ROANOKE TIMES

                         Roanoke Times
                 Copyright (c) 1995, Landmark Communications, Inc.

DATE: SUNDAY, May 27, 1990                   TAG: 9006010023
SECTION: HORIZON                    PAGE: F-5   EDITION: METRO 
SOURCE: Reviewed by GEOFF SEAMANS
DATELINE:                                 LENGTH: Medium


ART, PROPHECY, LOVE AND THE BOYS OF SUMMER

Prophet of the Sandlots: Journeys with a Major League Scout. By Mark Winegardner. The Atlantic Monthly Press. $18.95.

The Baseball Book 1990. By Bill James. Random House (Villard Books). $12.95 (paper.)

The Ballplayers: Baseball's Ultimate Biographical Reference. By Mike Shatzkin and Jim Charlton. William Morrow (Arbor House). $39.95.

The All-Lover All-Star Team and 50 Other Improbable Baseball All-Star Lineups. By Al Davis and Elliot Horn. William Morrow. $12.95.

The Art of Baseball. By Shelly Mehlman Dinhofer. Crown (Harmony Books). $40.

The "prophet" of Mark Winegardner's title is Tony Lucadello, a major-league baseball scout for half a century. Winegardner's account is drawn from his travels with Lucadello during what turned out to be the last year of the scout's life.

Lucadello was among the best in his profession at projecting the potential of young ballplayers. (Among his signees were Mike Schmidt and Ferguson Jenkins). But Lucadello, an eccentric if charming loner, was a "prophet" also in the sense that he decried the advent in baseball of a corporate mentality that prefers bureaucratic mediocrity to unconventional brilliance.

Some readers may find the point to have applicability beyond baseball.

Eccentric brilliance, however, is not entirely passed from the baseball scene. Bill James is making a nice (I presume) living by tapping his 1: skeptical mind ever ready to challenge received baseball "wisdom" and 2: ability to make his points always pungently and often persuasively.

So persuasively, in fact, that much of his earlier work is now the received wisdom: What serious fan, for example, is not now aware that a .240 batter who is patient at the plate and hits with power is of more value offensively than a .300 singles hitter who seldom walks?

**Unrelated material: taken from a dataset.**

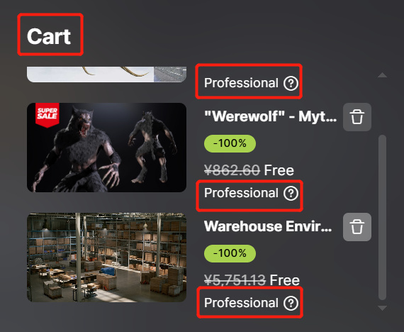 在將資源添加購物車前,記得要將默認的個人(Personal)許可改爲專業(Professional)許可。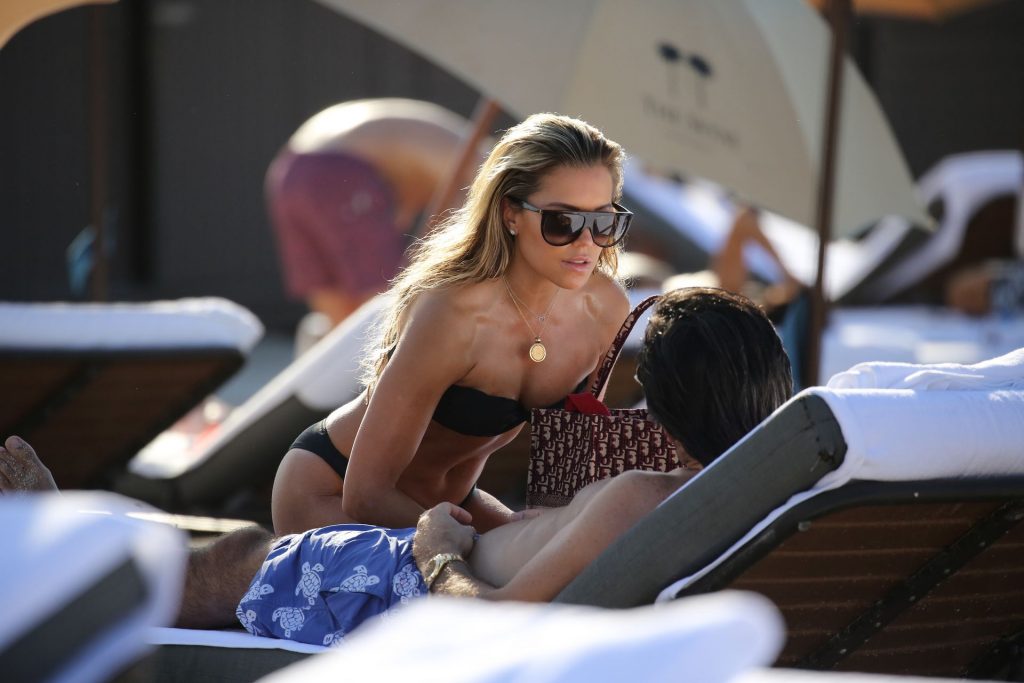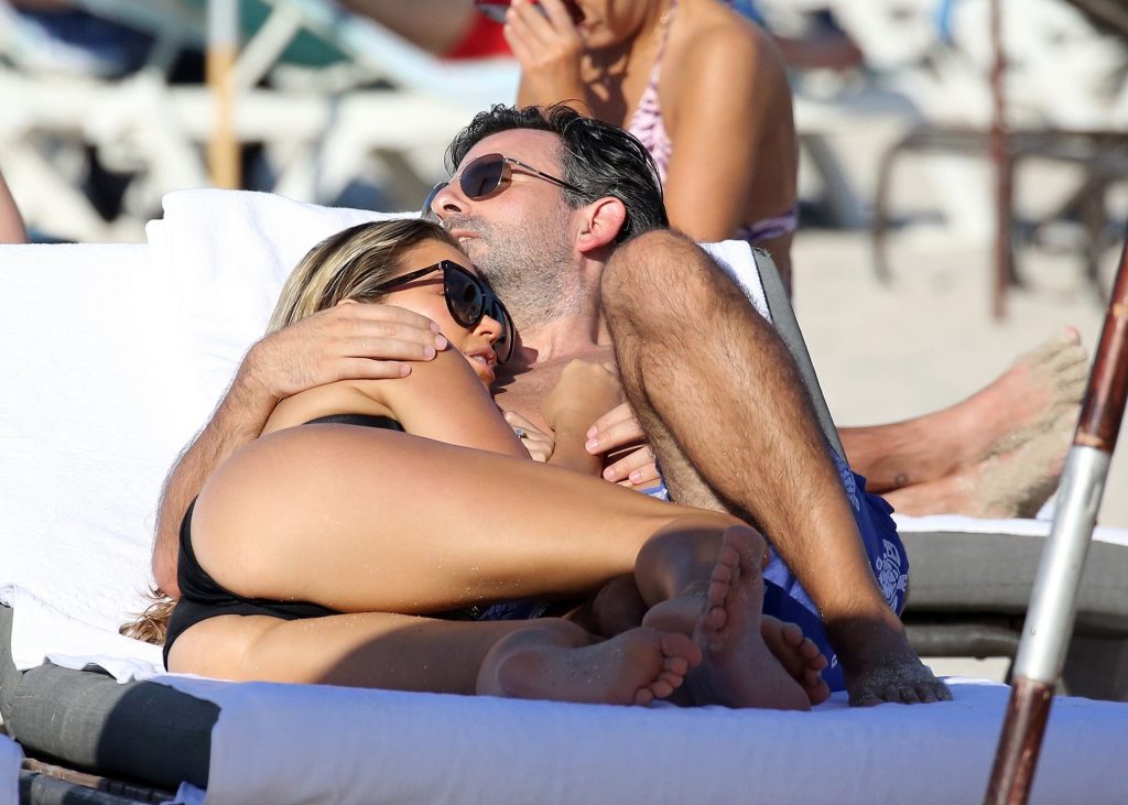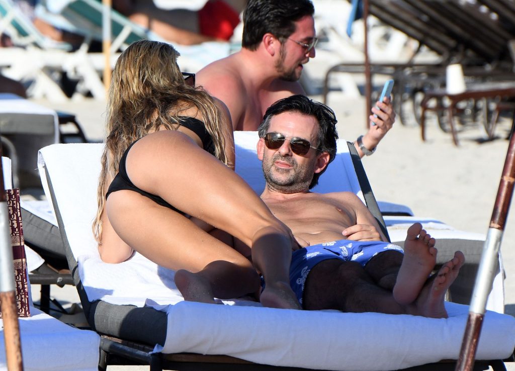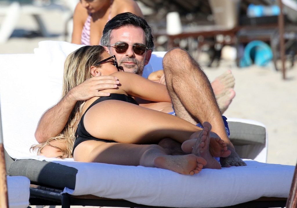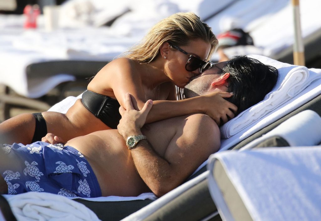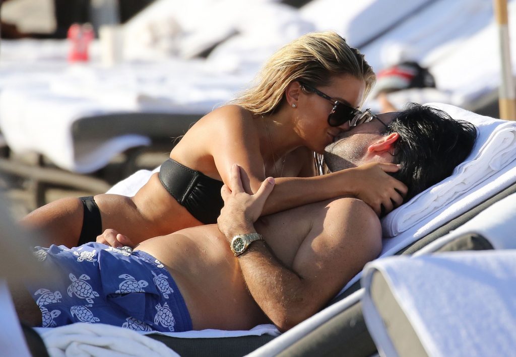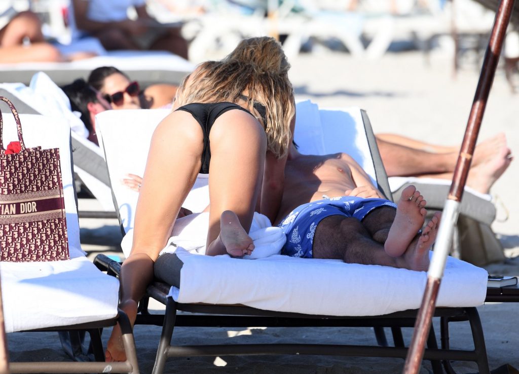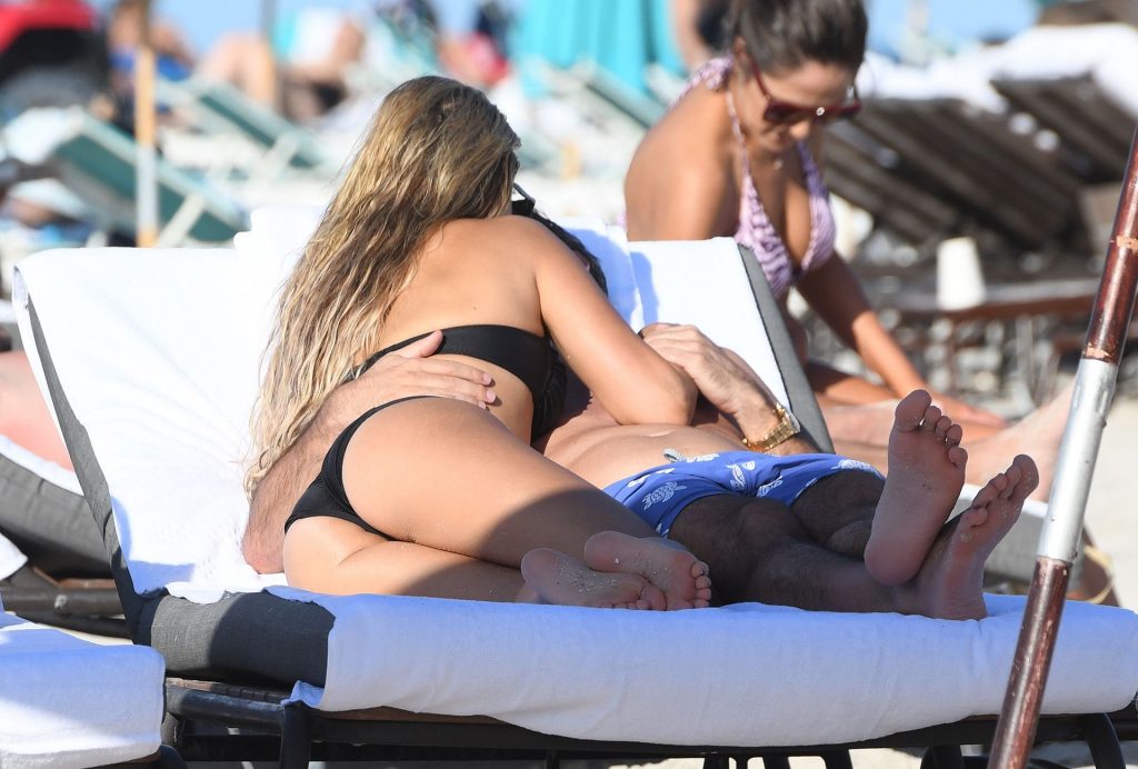 La celebridad holandesa Sylvie Meis (41) lleva un bikini negro y muestra un anillo de compromiso mientras besa a Niclas Castello en la playa de Miami, 30/11/2019.

James doesn't continue to wage a war already won. His last "Baseball Abstract" was in 1988; he now leaves traditional team-by-team and player-by-player analyses to more prosaic competitors. This year, he initiates a new series (a new career, he'd say) with "The Baseball Book 1990."

His Abstracts stressed statistical analysis; "The Baseball Book 1990" stresses anecdotal and historical analysis. A section of player-by-player comments is non-statistical but more inclusive than similar sections in the Abstracts, and is written with Rotisserie League players in mind.

An essay on Pete Rose is of particular note. James was not an admirer of Rose the player, nor is he an admirer of the company that Rose the person has chosen to keep. But the investigator's report compiled for the commissioner's office, James argues, lacks by far enough evidence to prove that Rose bet on baseball games.

"The Ballplayers" may well be "The One & Only Book That Tells the Stories Behind the Stats," and no doubt is of reference value. How much, though, is open to question.

More complete statistical information already is available in books that include season-by-season numbers as well as career totals. And the non-statistical information for each entry - the purpose of the book - tends to be bare-bones dry.

James also is trying to fill the niche; he does it better - but, alas, got through only the A's in his inaugural "Baseball Book" this year. For a long while, I suspect, "The Ballplayers" will be the only game in this particular town unless you're looking up someone whose last name begins near the top of the alphabet.

As a last-resort idea on slow days, sports columnists sometimes name various sorts of all-star teams: an all-Italian team, an all-Methodist team, an all-hard-to-pronounce-name team, or whatever. The trick is to find players who legitimately meet the criterion of the day and who legitimately play or played the positions to which you assign them.

Those are columns I usually don't bother to read. Looking through "The All-Lover All-Star Team" reminded me of why I usually don't bother to read them.

Written by the director and curator of Museum of the Borough of Brooklyn, "The Art of Baseball" is about the of baseball, not the art of baseball.

Not only do I not know much about art, but I'm not even sure what I like. I do know, though, that the various paintings, photos and the like are handsomely reproduced, and that Shelly Mehlman Dinhofer's text is an informative review of the evolution of artistic technique and style, against the backdrop of developments in the game itself.